Mountain in the state of Colorado

Pearl Mountain is a 13379 ft summit on the shared border between Gunnison County and Pitkin County in Colorado, United States.

==Description==
Pearl Mountain is situated 14 mi west of the Continental Divide in the Elk Mountains which are a subrange of the Rocky Mountains. The mountain is located 15 mi south of the community of Aspen and set in the Maroon Bells–Snowmass Wilderness, on land managed by White River National Forest and Gunnison National Forest.

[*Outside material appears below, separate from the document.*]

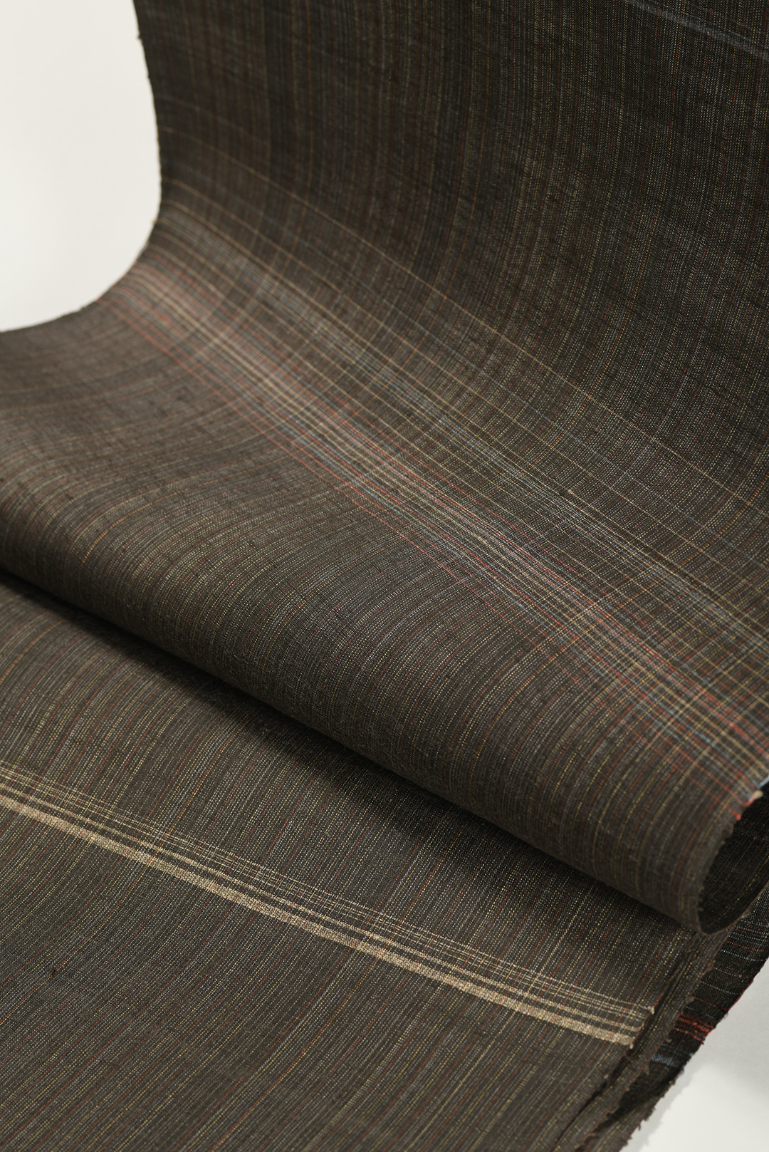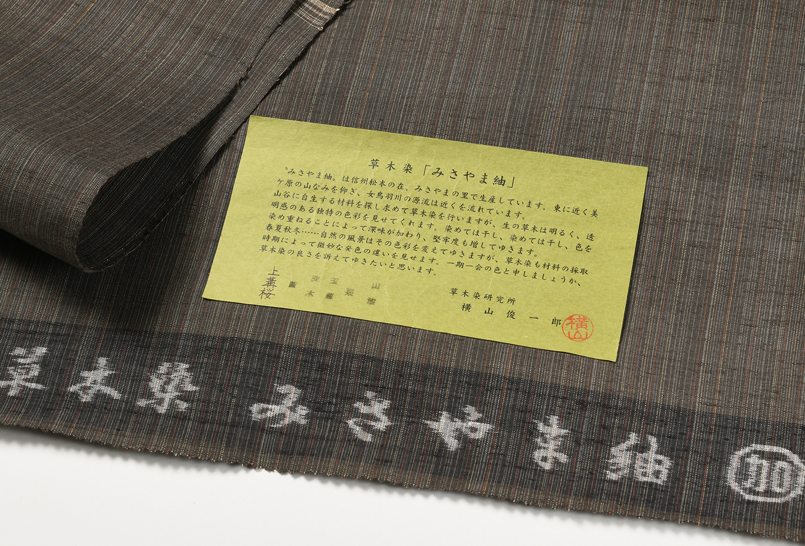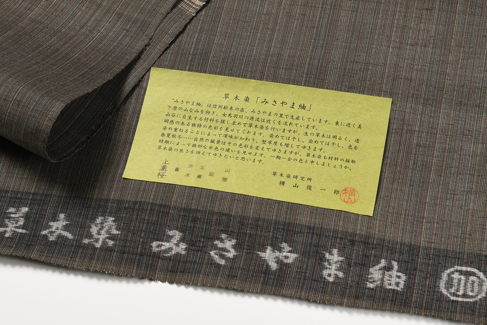 長野県三才山(みさやま)地方で草木染にこだわった紬の製作をしておられる横山俊一郎さんの「みさやま紬」です。染料となる草木は全て工房周辺の山谷に自生する植物です。横山さんはそれぞれの草木が時期によって微妙な発色の違いを見せることにまで着目し、各植物がもっともみずみずしく美しい発色を見せる時期に採集し、糸を染めます。媒染で使う灰汁を自ら藁を燃やして作るなど、横山さんのものづくりに対する真摯な姿勢は、自然や製作する品物に対する愛情や敬意を強く感じさせます。こちらの紬は山漆、栗、玉葱、渋木、藍、上溝桜を染料として用い、たくさんの色が縦、緯に交差している非常に味わい深いお品です。他に、色数の少ない比較的お値頃なお品物も在庫がございます。

It ranks as the 26th-highest peak in Gunnison County and 339th-highest in Colorado. Pearl Mountain is one-half mile immediately west of Pearl Pass and 1.85 mi west of Star Peak which is the nearest higher neighbor. Precipitation runoff from the mountain's north slope drains to the Roaring Fork River via Cooper Creek and Castle Creek, whereas the south slope drains into Middle Brush Creek which is a tributary of the East River. Topographic relief is significant as the summit rises 2500 ft above Middle Brush Creek in 1 mi. The mountain's toponym has been officially adopted by the United States Board on Geographic Names, and has been recorded in publications since at least 1884.

==Climate==
According to the Köppen climate classification system, Pearl Mountain is located in an alpine subarctic climate zone with cold, snowy winters, and cool to warm summers. Due to its altitude, it receives precipitation all year, as snow in winter, and as thunderstorms in summer, with a dry period in late spring. Climbers can expect afternoon rain, hail, and lightning from the seasonal monsoon in late July and August.